## Topic Modeling: LDA
While supervised learning is used when we know the categories we want to produce, unsupervised learning (including topic modeling) is used when we do not know the categories. In topic modeling, documents are not assumed to belong to one topic or category, but simultaneously belong to several topics. The topic distributions also vary over documents.
The workhorse function for the topic model is `LDA`, which stands for Latent Dirichlet Allocation, the technical name for this particular kind of model.
We will now use a dataset that contains the lead paragraph of around 5,000 articles about the economy published in the New York Times between 1980 and 2014. As before, we will preprocess the text using the standard set of techniques.
The number of topics in a topic model is somewhat arbitrary, so you need to play with the number of topics to see if you get anything more meaningful.
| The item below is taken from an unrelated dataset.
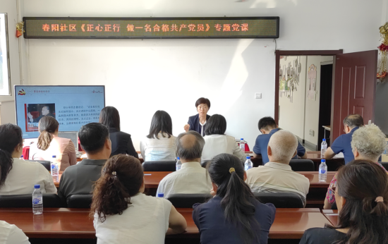 近日,長(zhǎng)春市綠園區(qū)委常委、統(tǒng)戰(zhàn)部部長(zhǎng)譚丹到鐵西街道春陽(yáng)社區(qū)以《正心正行,做一名合格共產(chǎn)黨員》為題講專(zhuān)題黨課。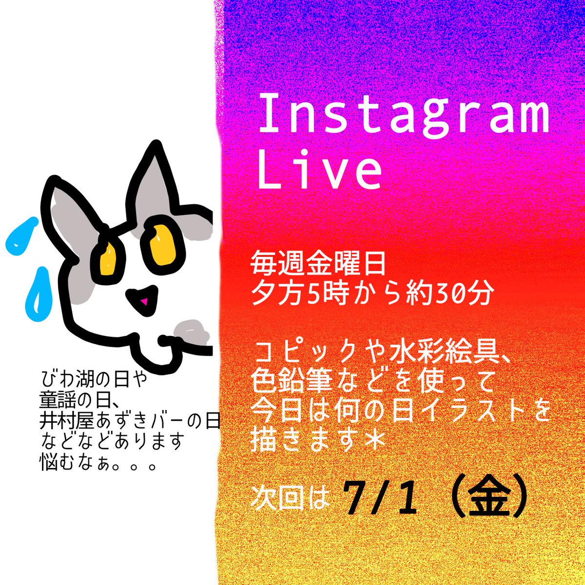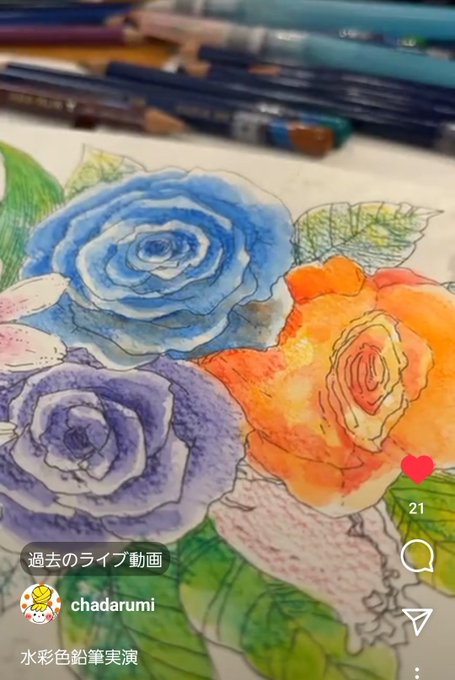 久々にインスタライブしました〜 気がつけば1時間越えてた笑 完成は難しそうだったので、とりあえず終わりました。 ペン入れから色塗りまで。 #インスタライブ #イラスト #固形水彩絵具 #ウインザーアンドニュートン #コットマン水彩紙 #ありがとうございました

We start here with 30 topics.
```{r message = FALSE}
library(topicmodels)
# reading data and preparing corpus object
nyt <- read.csv("../data/nytimes.csv", stringsAsFactors = FALSE)
library(quanteda)
nytcorpus <- corpus(nyt$lead_paragraph)
nytdfm <- dfm(nytcorpus, remove=stopwords("english"), verbose=TRUE,
remove_punct=TRUE, remove_numbers=TRUE)
cdfm <- dfm_trim(nytdfm, min_docfreq = 2)
# estimate LDA with K topics
K <- 30
lda <- LDA(cdfm, k = K, method = "Gibbs",
control = list(verbose=25L, seed = 123, burnin = 100, iter = 500))
```
We can use `get_terms` to the top `n` terms from the topic model, and `get_topics` to predict the top `k` topic for each document. This will help us interpret the results of the model.
```{r}
terms <- get_terms(lda, 15)
terms[,1]
topics <- get_topics(lda, 1)
head(topics)
```
Let's take a closer look at some of these topics. To help us interpret the output, we can look at the words associated with each topic and take a random sample of documents highly associated with each topic.
```{r}
# Topic 2
paste(terms[,2], collapse=", ")
sample(nyt$lead_paragraph[topics==2], 1)
# Topic 3
paste(terms[,3], collapse=", ")
sample(nyt$lead_paragraph[topics==3], 1)
# Topic 7
paste(terms[,7], collapse=", ")
sample(nyt$lead_paragraph[topics==7], 1)
# Topic 12
paste(terms[,12], collapse=", ")
sample(nyt$lead_paragraph[topics==12], 1)
```
You will that often some topics do not make much sense. They just capture the remaining cluster of words, and often correspond to stopwords. For example:
```{r}
# Topic 4
paste(terms[,4], collapse=", ")
sample(nyt$lead_paragraph[topics==4], 1)
# Topic 14
paste(terms[,14], collapse=", ")
sample(nyt$lead_paragraph[topics==14], 1)
```
In the case of date with timestamps, looking at the evolution of certain topics over time can also help interpret their meaning. Let's look for example at Topic 2, which appears to be related to the stock market.
```{r}
# Topic 2
paste(terms[,2], collapse=", ")
sample(nyt$lead_paragraph[topics==2], 1)
# add predicted topic to dataset
nyt$pred_topic <- topics
nyt$year <- substr(nyt$datetime, 1, 4) # extract year
# frequency table with articles about stock market, per year
tab <- table(nyt$year[nyt$pred_topic==2])
plot(tab)
```
But we can actually do better than this. LDA is a probabilistic model, which means that for each document, it actually computes a distribution over topics. In other words, each document is considered to be __about a mixture of topics__.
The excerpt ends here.